ML-GPS, a machine learning-assisted evolution of GPS, integrates genetic associations derived from observed and predicted phenotypes with curated genetic evidence using gradient boosting and continuous encoding. Applied to 112 chronic disease phecodes in UK Biobank, ML-GPS substantially improves prediction performance and expands coverage of potential drug targets, identifying thousands of high-priority gene–disease pairs, including many without prior support.

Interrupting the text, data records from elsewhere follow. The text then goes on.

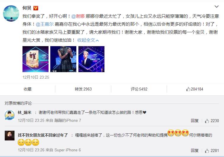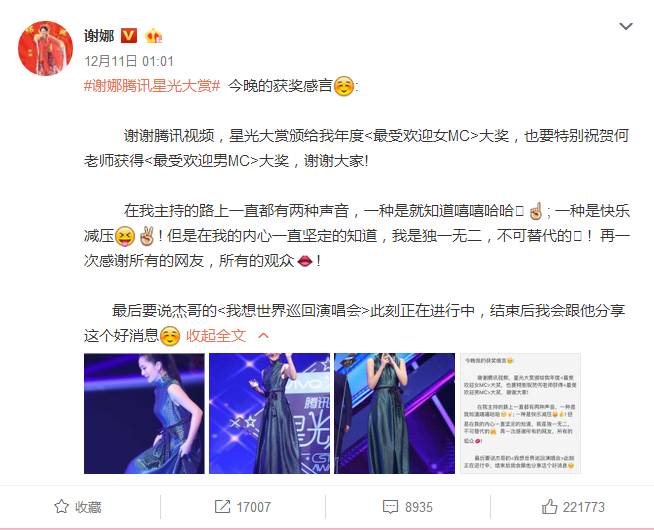 当晚的CP不少,除了凡瑶夫妇,还有何炅谢娜这一对铁杆搭档,他们也发微博互相祝贺;
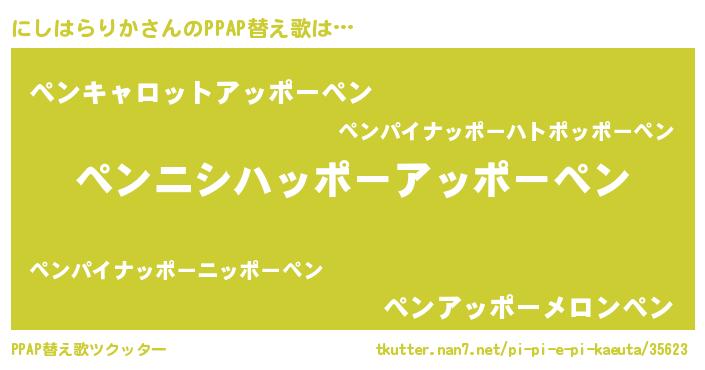 | ポケモン風あだ名 | 『ヒニシハラリカ』『ニシキング』 |
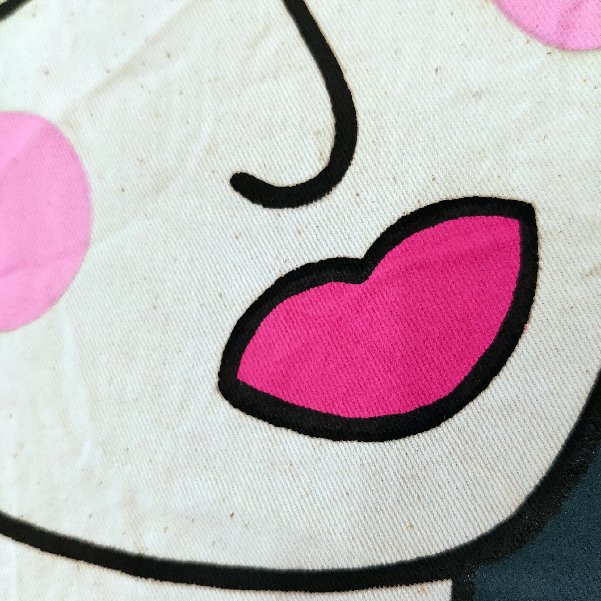- Unbleached Cotton Canvas, Acrylic Paint, Cotton Thread.
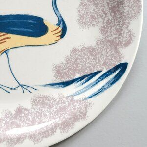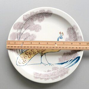 Vintage Homer Laughlin dinner plate featuring a charming design of peacock in blue and yellow and purple leaves. Perfect for collectors or as a unique addition to your dining set. Discontinued restaurant ware, made in the USA.
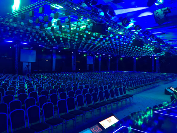 Para este evento se utilizaron alrededor de 300 esferas RGB, conectadas, cada una de ellas, a un motor DMX y gestionadas a través de mesa de luces GrandMa Full Size de MA Lighting para aplicar las diferentes configuraciones y programaciones de movimiento. El baile de luz y colorido se potenció con 10 máquinas láser, gestionadas con Láser Animation, que al ritmo de la música ofrecieron una actuación que sirvió de cierre del evento, todo ello potenciado por las más de 100 cabezas móviles y 8 máquinas de humo para crear una atmósfera envolvente.
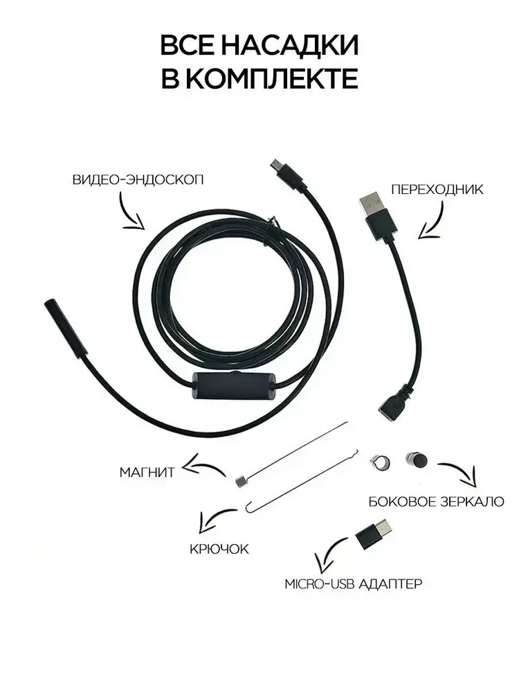 Эндоскоп для смартфона автомобильный водонепроницаемый, гибкая видеокамера с подсветкой USB для смартфона Android, MAC, для PC,Type-C 2 метра
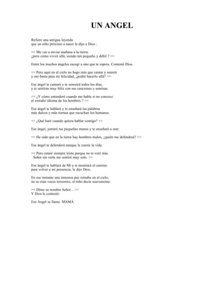 El documento es una leyenda que narra el diálogo entre un niño que está por nacer y Dios. El niño expresa sus temores sobre vivir en la tierra, como ser pequeño y débil, no poder cantar y sonreír, no entender el lenguaje humano, no saber cómo hablar con Dios o defenderse de los hombres malos. Dios lo tranquiliza diciéndole que ha escogido un ángel que lo cuidará, lo hará feliz cantando y sonriendo, le enseñará palabras dulces, le enseñará a orar,
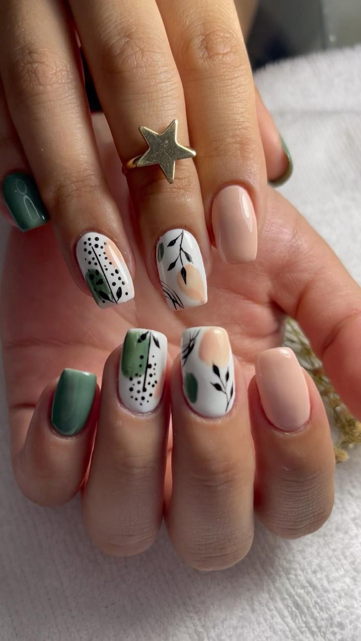 The nails in photo are a fusion of flora and fauna, with their green hues and nature-inspired designs. They speak of a deep connection with the earth, ideal for the eco-conscious traveler. These nails are perfect for the woman who finds solace in the rustling leaves and the quiet streams, whose vacation is a retreat into nature’s embrace.

The framework also infers direction-of-effect, guiding activator versus inhibitor strategies. Future work should extend ML-GPS to additional and more diverse biobanks to enhance generalizability across ancestries, integrate richer phenotyping modalities (e.g., imaging, audiometry, ophthalmology), refine functional consequence predictions, and harmonize drug datasets. These advances may further improve target identification and de-risk drug development for chronic diseases.

- Cohort and ancestry: Genetic analyses were limited to UK Biobank participants of European ancestry, potentially restricting generalizability and missing ancestry-specific signals. - Phenotype scope and selection: Semi-subjective manual screening may have excluded valid chronic disease phecodes; several rare or sensorimotor phenotypes were excluded due to insufficient predictive performance driven by limited phenotypic data. - Data modality gaps: Lack of comprehensive imaging, audiometric, and ophthalmic data in most participants constrained ML phenotype accuracy for certain diseases. - Drug data and ontology mapping: Differences and potential inconsistencies between Open Targets and SIDER, reliance on ICD-10/phecode mapping, and harmonization across ontologies may introduce misclassification. - Feature absence not negative evidence: The absence of a genetic feature does not constitute evidence against a target; LoF/GoF and deleteriousness predictions carry uncertainty. - Class imbalance: Greater prevalence of inhibitor vs activator indications required weighting; residual bias may persist despite mitigation. - Comparative constraints: Direct comparison with the original GPS is limited by different phenotype definitions (child vs parent phecodes).